Trusting in his experience, his savvy and his shot-making abilities, Cutone grinded out a 6-4, 6-4 victory. He went on to beat No. 2 seed Leif Boddie, a senior from Greely, who was hampered by cramps brought on by an exhausting semifinal of his own. Cutone won his second straight singles state title, leading 6-1, 3-0 when Boddie was forced to retire.

Three weeks later, Cutone provided the clinching point in a 3-2 team victory over Camden Hills to give Kennebunk its second straight Class A state championship. He remains undefeated in high school competition. Once again, he is our choice as Varsity Maine Player of the Year in boys’ tennis.

“He’s gotten physically bigger and more muscular,” Kennebunk Coach Paul Gaylord said of the 5-foot-7, 140-pound Cutone. “I just felt he was more dominating this year than last year.”

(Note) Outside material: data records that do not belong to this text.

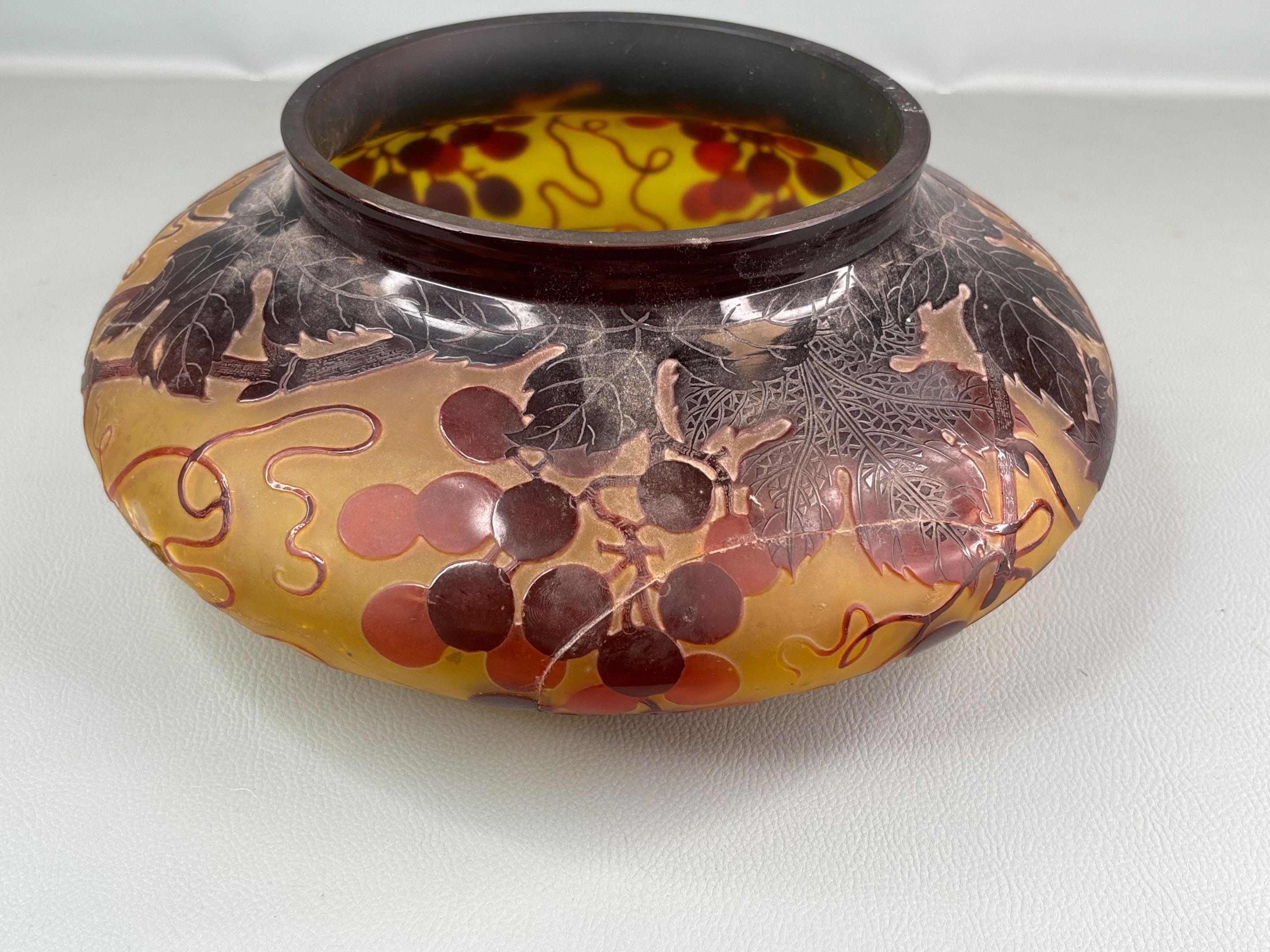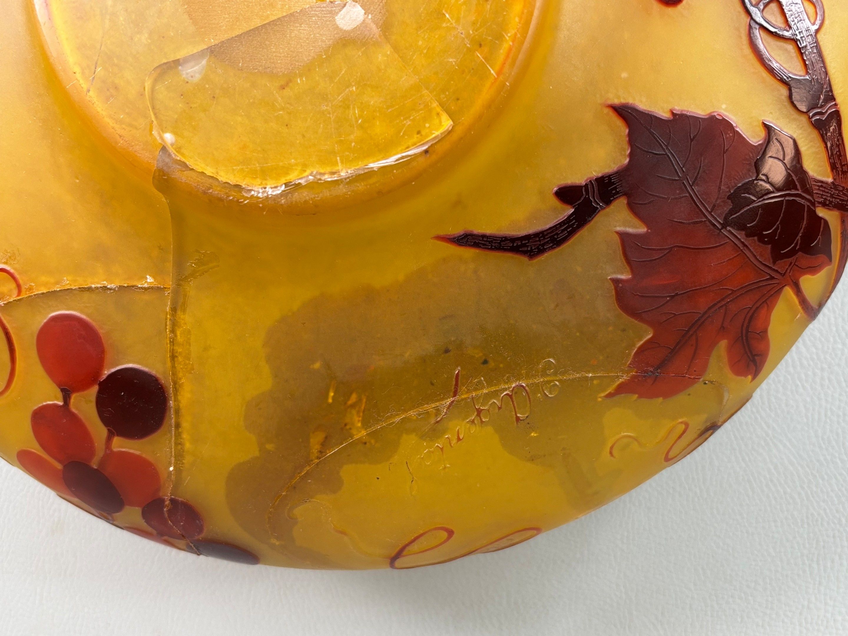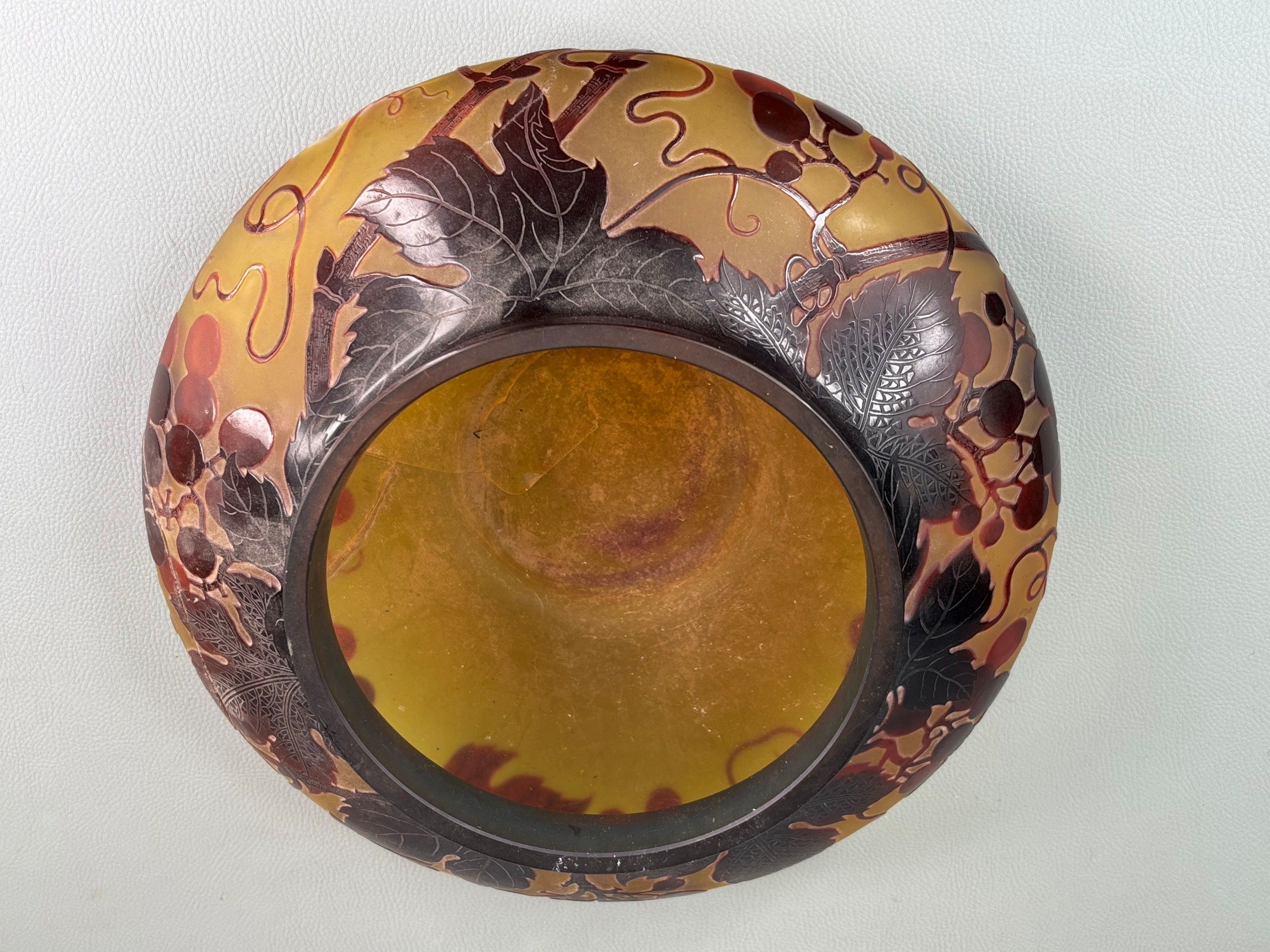 Grande coupe en verre à décor floral gravé à l'acide ; signée (accidents ; dans l'état).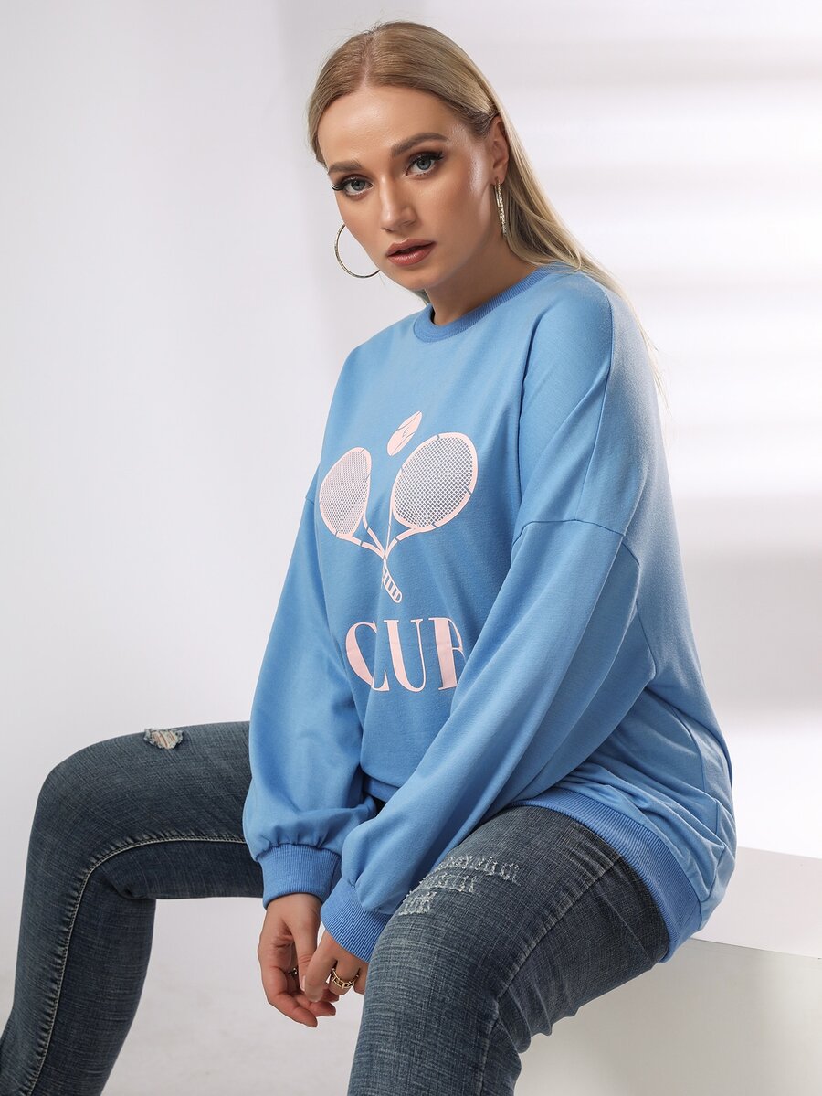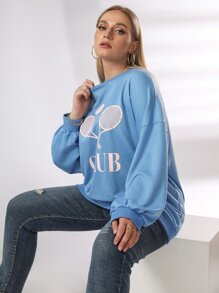 Plus Tennis And Letter Graphic Drop Shoulder Sweatshirt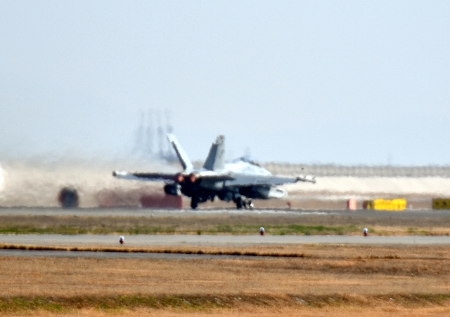 米海軍艦載機 EA-18G グラウラー 電子戦機(岩国基地)、NF、501番機、502番機、505番機が離陸 |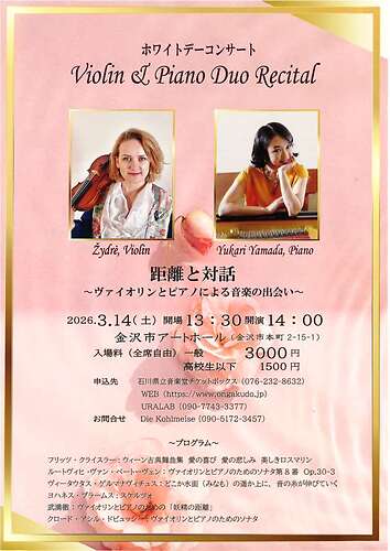 トップページ > イベント情報 > ホワイトデーコンサート Violin & Piano Duo Recital
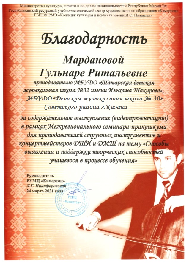 Открытый районный семинар для педагогов дополнительного образования "Современные педагогические технологии в музыкальной школе: между традицией и инновацией" - Камалова Ю.З. - Сертификат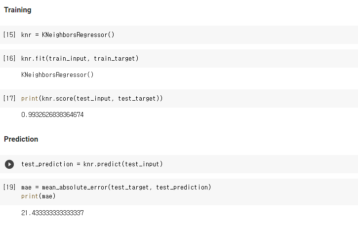 - KNeighborsRegressor() 선형 회귀 모델을 'knr'이란 변수로 선언한 후, fit을 통해 모델을 학습 시킵니다.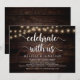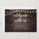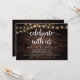 Célébrez avec nous, Carte d'annonce / invitation de mariage intime, en Bois de ferme Rustique, conception de guirlandes lumineuses. C'est parfait pour votre réception de mariage et fête de célébration après-mariage. Ajoutez vos détails dans la même police / lettrage.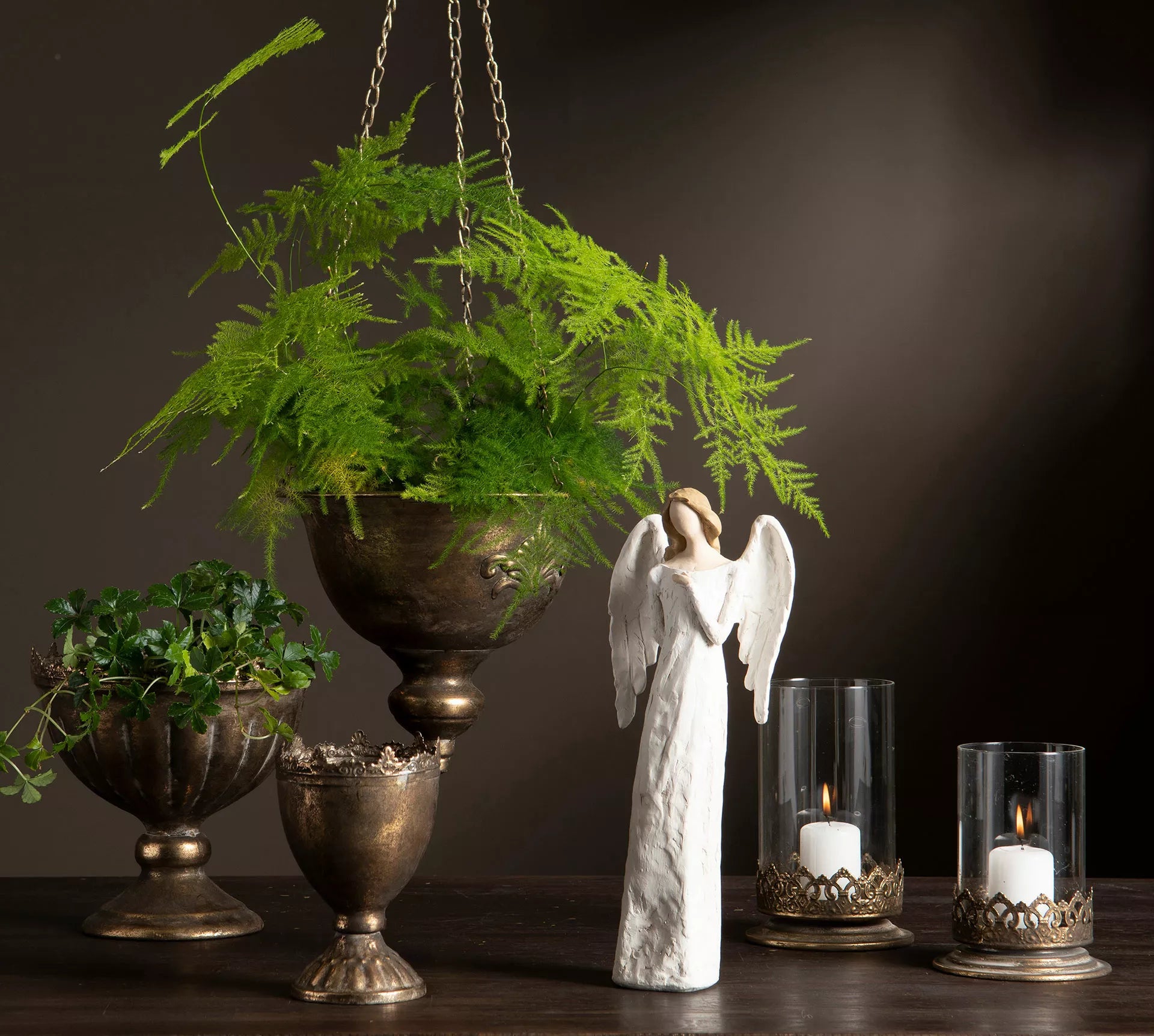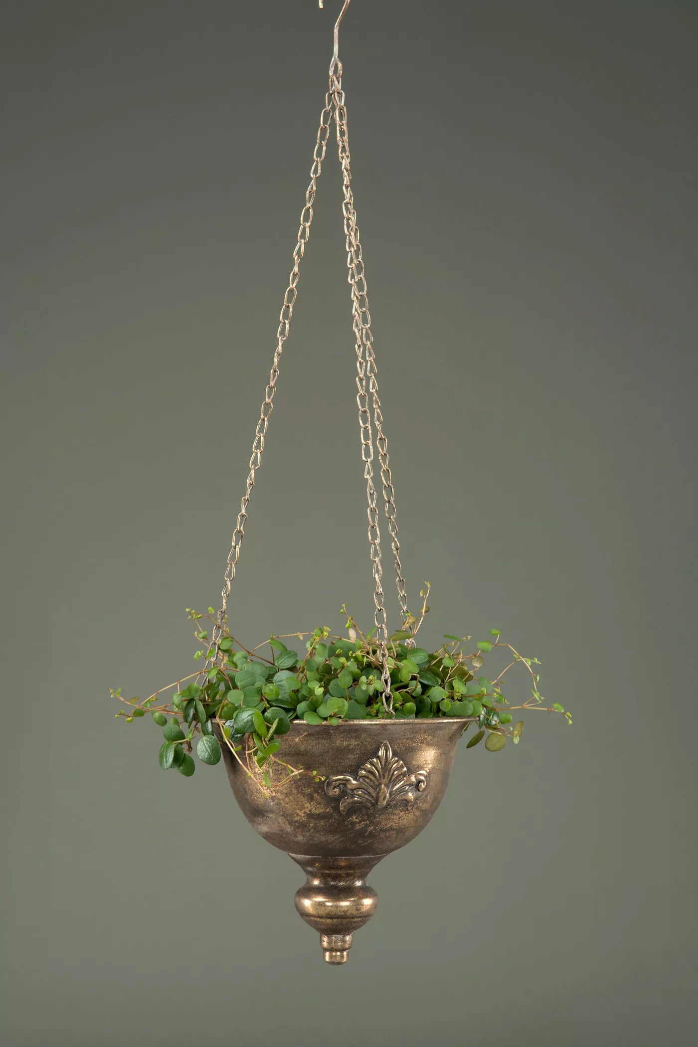 A Lot Decoration - Ampel Baron - Hengende potte - Gyldenbrun er en stilig og trendy løsning for å dyrke planter hjemme. Hengegryten er laget av slitesterkt metall med en glitrende gyllenbrun finish som gir et eksklusivt inntrykk. Gryten henger fra en elegant metallkjede med en matchende krok for å feste den til taket eller veggen. Potten har en romslig størrelse som rommer flere planter og gir dem god plass til å vokse og blomstre. Gryten er perfekt for å skape en grønn oase i stuen, soverommet, kjøkkenet eller gangen. Den kan også brukes utendørs på balkong eller terrasse, men bør tas med inne ved frost. A Lot Decoration - Ampel Baron - Hengende gryte - Gyldenbrun er et sjarmerende og funksjonelt tilbehør som gir liv og farge til hjemmet ditt.

In team competition, Cutone racked up a total games score of 144-7. In five matches during the singles tournament, he dropped only two games outside of the semifinal match with Yoon – one against Boddie and one against Yarmouth’s Quinn Federle in the Round of 16.

“Mentally he’s so tough,” Gaylord said. “The whole time he’s playing, he’s dissecting his opponent’s game.”

Camden Hills senior Ezra LeMole faced Cutone in the Class A team finals and lost 6-0, 6-0. A year earlier, LeMole managed to win three games against Cutone as Kennebunk captured its first boys’ tennis title with a 3-2 victory.

“He’s gotten better,” LeMole said. “The biggest thing was a change in the shape of his forehand. Last year, he would drive it a lot, and that was actually easier to handle than this year, where he’s maintained the same pace, but he’s got more spin, the ball lands deeper and it’s harder to deal with. And he’s gotten taller. That helps, too.”

Cutone is the oldest of three tennis-playing prodigies in his family. His sister, Olivia, was unbeaten at No. 1 singles to lead Kennebunk to the Class A girls’ state title. His brother, Alberto, will reach high school in the fall.

All three of them began playing at a young age after their father, Steve, strung a rope over a tree branch and hung a tennis ball from it. Now, George says, they practice seven days a week. Since the winter, they have been working out with a local trainer, Daryl Conant, to improve their strength, speed and agility.


“I’m able to put a little more weight behind my shots,” Cutone said. “It increases my ability to execute my shots and move around the court. And the (added) height helps on the serve, as well by being able to reach up more, even if it’s just a few inches.”

Last weekend, Cutone finished third in a USTA Junior Sectional at Babson College. In a field of 32 of the highest-rated age 16-and-younger boys in New England, he advanced to the semifinals before losing a tough three-set match.

He has tournaments in North Carolina and Orlando coming up in July. When he’s not on the courts, he can be found mountain biking, enjoying the beach or weeding the family vegetable and flower gardens.

“Tennis doesn’t completely consume our lives,” he said with a laugh.